Fiquei lá em cima, bebericando um café, enquanto eles se espalhavam pelos espaços da Cultura. O que me encantou foi simples - ver muitos deles sentados nos duros sofás da livraria (acho que os sofás da Cultura dizem o seguinte: “podem ler os livros, mas aqui você não agüenta ficar muito tempo”) - , absortos em leituras, fazendo anotações, perguntando preços. Uma hora de vivência com o universo dos livros.

Na volta, um deles veio me contar, com uma alegria sincera, um conto dos Irmãos Grimm, que acabara de ler. Foi falando do texto, foi me contando a história em detalhes, enquanto atravessávamos o Bairro do Recife. Estava eufórico. Chegamos à escola, e ele ainda não tinha terminado. Vai contar o restante depois. Outra aluna contou que está lendo um livro aos pouquinhos, com visitas diárias à Cultura. Ela vai, lê um capítulo e depois segue para casa. Veio me perguntar o que é “psicologia evolutiva”, mas, apesar de ter muita gente de psicologia por perto, não sei o que é. Prometi resolver a questão na próxima aula. Aceito ajudas on line.

Então lembrei de uma história, acho que quem me contou foi o Inácio, se não foi, fica sendo. Dizem que Tarcísio, da gloriosa Livro 7, ficou sabendo que uma pessoa ía todos os dias, pegava um livro, lia, marcava e deixava escondido.Era, de certa forma, o “seu” livro, mesmo sem tê-lo comprado. O vendedor percebeu e avisou, mas Tarcísio disse que deixasse como estava. A pessoa leu o livro inteiro, em pequenos goles de alegria, em encontros silenciosos, certamente num temor contido de que o livro fosse vendido, e seus encontros terminasse. Ao final, Tarcísio deu o livro de presente, creio, não sei exatamente se deu, mas está dado, é a minha licença poética, quando a gente escreve, pode mudar o passado também.

Voltamos para a escola, eles me falaram da visita, dos livros, daquela inauguração. A alegria espantada era geral. “Dá vontade de levar todos os livros, professor”, disse um aluno, repetindo a mesma vontade que tenho.
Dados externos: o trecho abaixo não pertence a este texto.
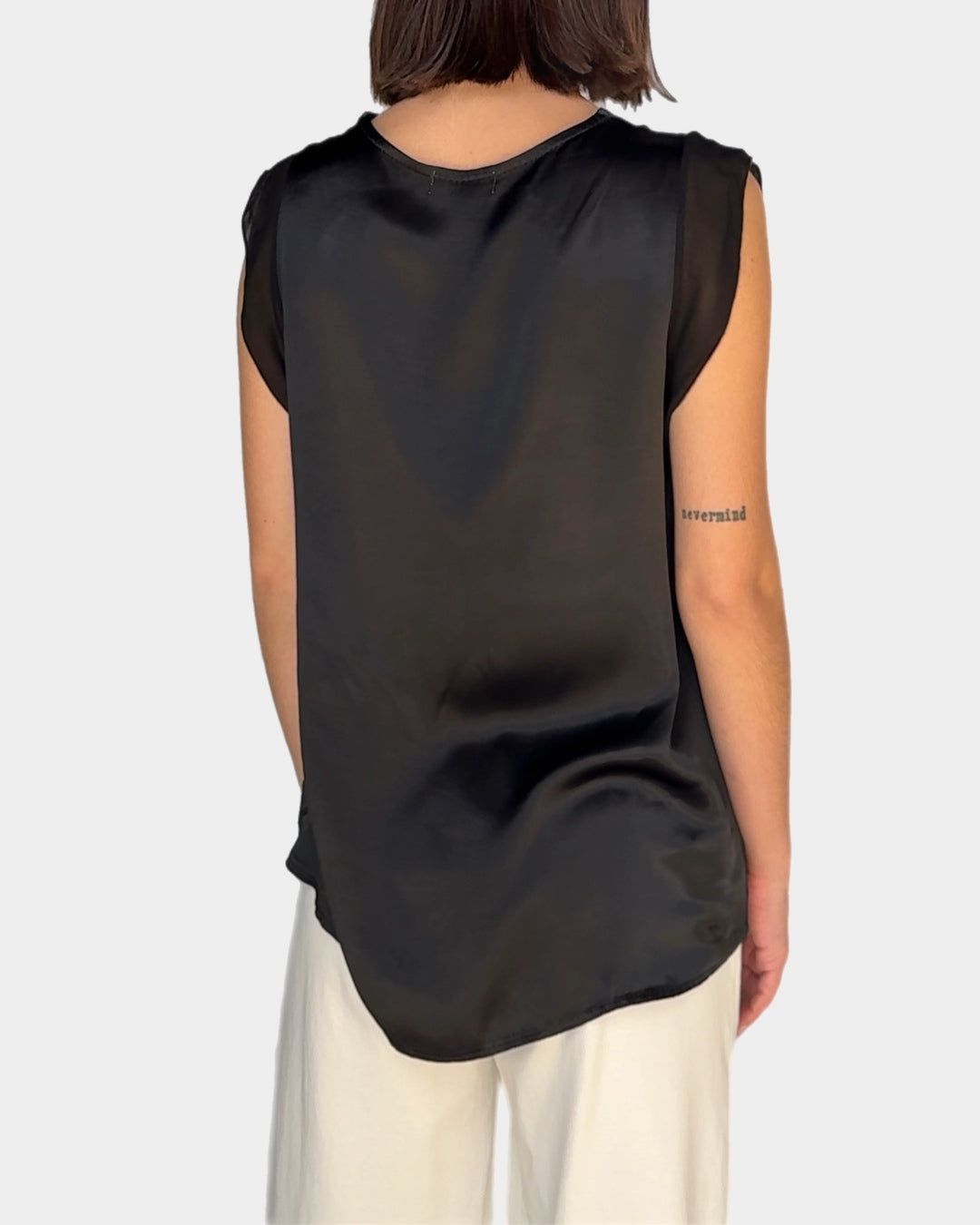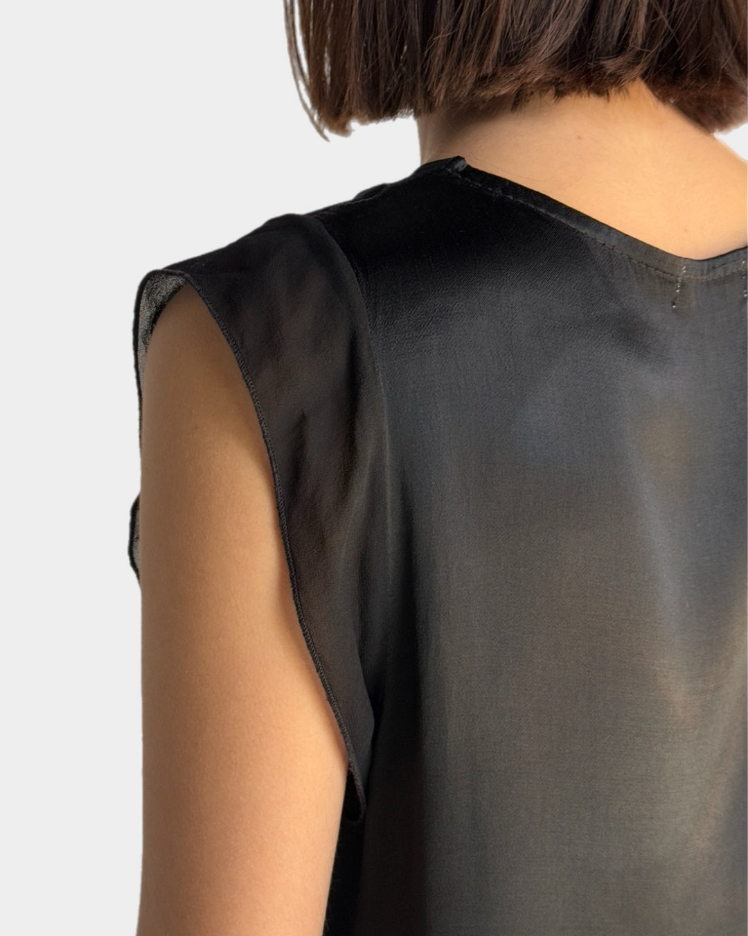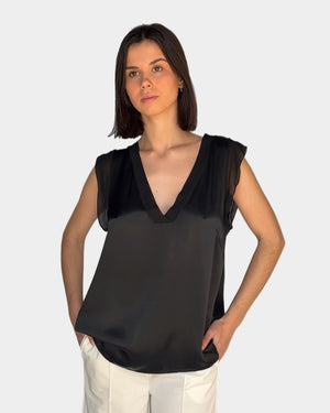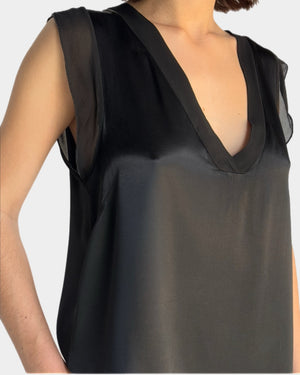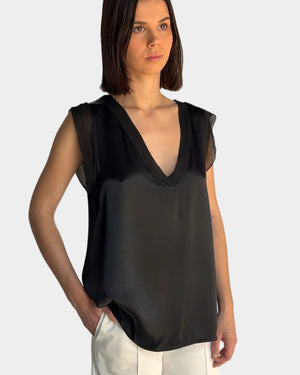 This black viscose top features a fluid, lightweight design that drapes beautifully over the body, creating an elegant and relaxed silhouette. The deep V-neckline is framed by wide, overlapping bands of fabric, adding a subtle yet sophisticated detail to the top. The sleeves are delicately capped, with a slight sheerness that complements the soft sheen of the viscose. The top's minimalist design makes it a versatile piece that can be easily dressed up or down, perfect for pairing with high-waisted skirts or your favorite jeans for an effortlessly chic look.
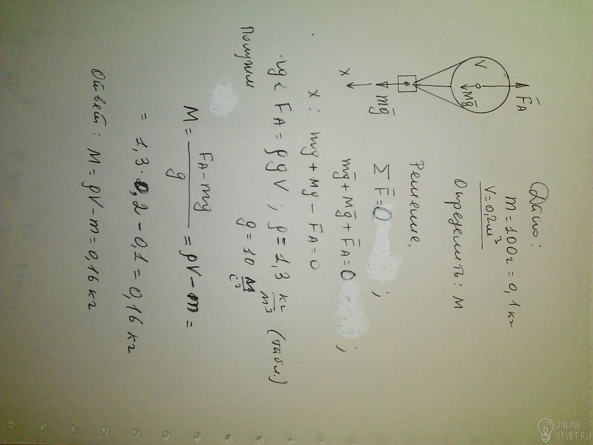 Тело летит на воздушном шаре. вычислите архимедову силу, действующую на шар, если его объем составляет 0,2 м3. найдите массу воздушного шара, если масса тела 100 г.
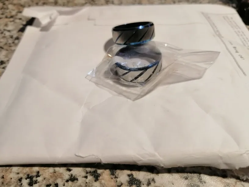 доставка 25 дней. трек по Украине не отслеживался. упаковка стандартная - конверт с пупыркой. качество кольца отличное. без брака, внутри хорошо отшлифовано. смотрится чудесно (на фото слегка рука отекшая, поэтому не айс). продавцу больше спасибо
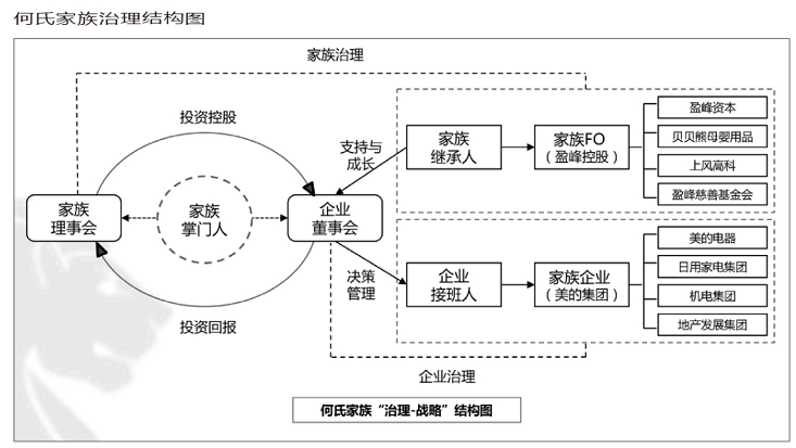 從家族企業的持續發展,到家族財富的保值增值,作為家族企業傳承管理的一個完整系統,其核心議題——“治理和戰略”的設計與運作,成了經營企業的家族實現成功傳承的關鍵。美的集團傳承管理的“何氏邏輯”,呈現了中國家族企業傳承發展過程中,一個極具借鑒意義的案例。

Uma aluna se encantou com um livro do Carlos Drummond, onde citava o Fernando Pessoa. Aproveitou a visita para copiar o poema inteiro. Tímida, não quis ler para a turma. Espero que esses alunos se encantem com o mundo da literatura, e façam seus vôos.

Lembro que cheguei ao Recife, em 1987, e trazia poucas coisas para começar a vida. Uma bolsa com as roupas e uma caixa, com meus livros fundamentais. Sem eles, eu não sairia de Fortaleza. Aliás, sairia sim, porque tenho uma alma de andarilho, mas ficaria capengando pela vida, até reencontrá-los. Percebi agora, escrevendo esta crônica, que isso foi há 18 anos, naquele intenso mês de julho. Por sorte do destino, fui morar em Casa Amarela, bairro popular e misturado, populoso e intenso. Definitivamente, sou um homem da Zona Norte do Recife, mas acho que isso não tem nada a ver com a crônica de hoje, que fala de inaugurações, estou misturando os assuntos, melhor parar por aqui.